Unfortunately, a closer fix on the case is probably most-easily gained by considering it within a framework of its victims. These were three pairs of young girls, each pair abducted either together or within a short time of one another, and only one pair of which ultimately survived:

  • Julie Lejeune and Mélissa Russo, both eight years old at the time of their abduction in June, 1995, were taken to the dungeon which Dutroux built down in the cellar of his house in Marcinelle (in the southern, French part of Belgium called Wallonia) and abused. Then Dutroux was jailed in December, 1995, on charges of stealing cars. His house was routinely searched, and during that search the leader of the search party did hear girls’ voices coming from somewhere, but he concluded that they were just voices from outside on the street. The bodies of Julie and Mélissa were then discovered in August, 1996, when the whole case finally broke open and Dutroux and his accomplices were arrested, and more thorough-going searches of their residences could be carried out. Investigators concluded Julie and Mélissa had been left to starve in the dungeon as Dutroux went off to jail in December, 1995. (Dutroux claims that he left the responsibility for feeding the girls to his wife and co-defendent, Michelle Martin; but Martin claims to have been afraid to go into the underground cell where they were being held, chained to the wall.)
  • An Marchal (seventeen at the time) and Eefje Lambrecks (19 then), abducted by Dutroux and accomplice Michel Lelièvre on 22 August 1995 at the Belgian seaside town of Oostende. These two were also taken to Dutroux’ underground dungeon in Marcinelle, where for a time they were there also with Julie and Mélissa (although it seems that Dutroux confined each set of girls separately and did not let them know about the presence of the others). Eefje actually managed after two days to find her clothes (the girls were kept confined naked) and to climb through a window to the roof of Dutroux’ house and scream for help; no one heard or responded, and Dutroux managed to drag her back down again. Then, later, Eefje again escaped, this time naked onto the street, but Dutroux was again able to capture her. At some point in time (presumably before Dutroux went to jail in December, 1995) these two elder girls were transferred by Dutroux and his accomplices to the home in Jumet (another town in Wallonia) of another one of his accomplices, the Frenchman Bernard Weinstein, in whose garden their bodies were found at the begining of September, 1996. It’s still not known how they died; but it is known that both these girls’ bodies showed evidence of severe malnutrition.
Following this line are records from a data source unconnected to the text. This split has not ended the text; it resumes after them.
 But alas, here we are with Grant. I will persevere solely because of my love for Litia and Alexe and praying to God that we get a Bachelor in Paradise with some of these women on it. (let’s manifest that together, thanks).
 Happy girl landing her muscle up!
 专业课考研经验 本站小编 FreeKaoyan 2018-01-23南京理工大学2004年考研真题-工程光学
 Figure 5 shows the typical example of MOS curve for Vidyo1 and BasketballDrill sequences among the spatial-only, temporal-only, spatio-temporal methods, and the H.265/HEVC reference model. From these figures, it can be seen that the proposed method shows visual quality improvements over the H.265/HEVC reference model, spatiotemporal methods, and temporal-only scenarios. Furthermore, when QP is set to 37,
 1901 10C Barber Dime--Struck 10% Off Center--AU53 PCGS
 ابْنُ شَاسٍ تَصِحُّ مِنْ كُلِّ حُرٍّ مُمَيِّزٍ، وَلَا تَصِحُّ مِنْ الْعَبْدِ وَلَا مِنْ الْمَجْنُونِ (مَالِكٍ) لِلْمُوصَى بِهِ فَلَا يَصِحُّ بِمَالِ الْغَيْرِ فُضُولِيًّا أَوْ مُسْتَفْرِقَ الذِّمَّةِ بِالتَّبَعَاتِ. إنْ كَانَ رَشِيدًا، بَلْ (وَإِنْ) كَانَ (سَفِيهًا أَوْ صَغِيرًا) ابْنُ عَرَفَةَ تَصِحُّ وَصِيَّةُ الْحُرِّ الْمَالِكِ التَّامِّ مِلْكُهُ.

By the way, upon getting out of jail from that stolen-cars charge in March, 1996, Dutroux not only took care of burying the bodies of Jullie and Mélissa, but he also took care of his accomplice Weinstein: He has confessed to drugging Weinstein with narcotics in a sandwich, and then burying him alive on the grounds of Weinstein’s house (although Dutroux later withdrew this confession).

  • Finally, there are Sabine Dardenne and Laetitia Delhez. The former was abducted by Dutroux on 28 May 1996 in her hometown of Kain, the latter on 9 August 1996 from her hometown of Bertrix. Both were of course taken to Dutroux’ dungeon in Marcinelle (now empty, since Julie and Mélissa had since died, while An and Eefje were either also already dead or being held at Weinstein’s home). Luckily, these girls survived with the final arrest of Dutroux on 13 August 1996 and Dutroux’ leading investigators to his house two days later to reveal his hidden dungeon-cell and the girls still locked up within.
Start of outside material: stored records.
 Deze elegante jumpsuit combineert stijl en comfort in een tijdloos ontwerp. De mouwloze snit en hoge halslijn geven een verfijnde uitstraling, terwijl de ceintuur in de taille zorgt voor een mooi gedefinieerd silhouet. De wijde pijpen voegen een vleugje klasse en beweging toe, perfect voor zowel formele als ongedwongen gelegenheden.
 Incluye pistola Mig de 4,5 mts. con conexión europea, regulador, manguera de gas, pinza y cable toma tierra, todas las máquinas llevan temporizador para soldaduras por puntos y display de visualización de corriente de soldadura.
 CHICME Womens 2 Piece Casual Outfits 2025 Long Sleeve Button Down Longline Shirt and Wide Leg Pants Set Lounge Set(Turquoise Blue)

That is all horrible enough, but it is hardly all there is to this case. Dutroux is described by De Standaard as a “steuntrekker,” maybe best translated as “welfare dependent,” which is no surprise since it seems he spent much of his life going in and out of jail. Most strikingly, he had already spent 1989 to 1992 in Belgian jails for raping five young girls, which one would think would prompt the authorities to keep an eye on him, especially when a witness shortly after his 1992 release reported that he seemed to be building some sort of confining enclosure in the basement of his Marcinelle house.

The experiences of the two investigating-judges assigned to the Dutroux case (Michel Bourlet and Jean-Marc Connerrotte) are also interesting. Both showed themselves willing to energetically pursue the investigation, although Bourlet in a television interview in August, 1996, somewhat enigmatically expressed his willingness to get to the bottom of things si on me laisse faire – i.e. “if they let me do it,” without providing further information about who those “they” might be. And then there is the “spaghetti-arrest” affair: In September, 1996, both Bourlet and Connerrotte were invited to a party by the grateful parents of the rescued girls, Sabine and Laetitia, where they had spaghetti for dinner. That was enough to move Julien Pierre, the lawyer at the time for Dutroux, to demand that these two main investigative judges be removed from the case due to bias against the defendant. Because of some obscure distinction in their official roles, Bourlet could not be removed from the case by the Belgian Openbaar Ministerie (basically the national Justice Department), but Connerotte could – and was.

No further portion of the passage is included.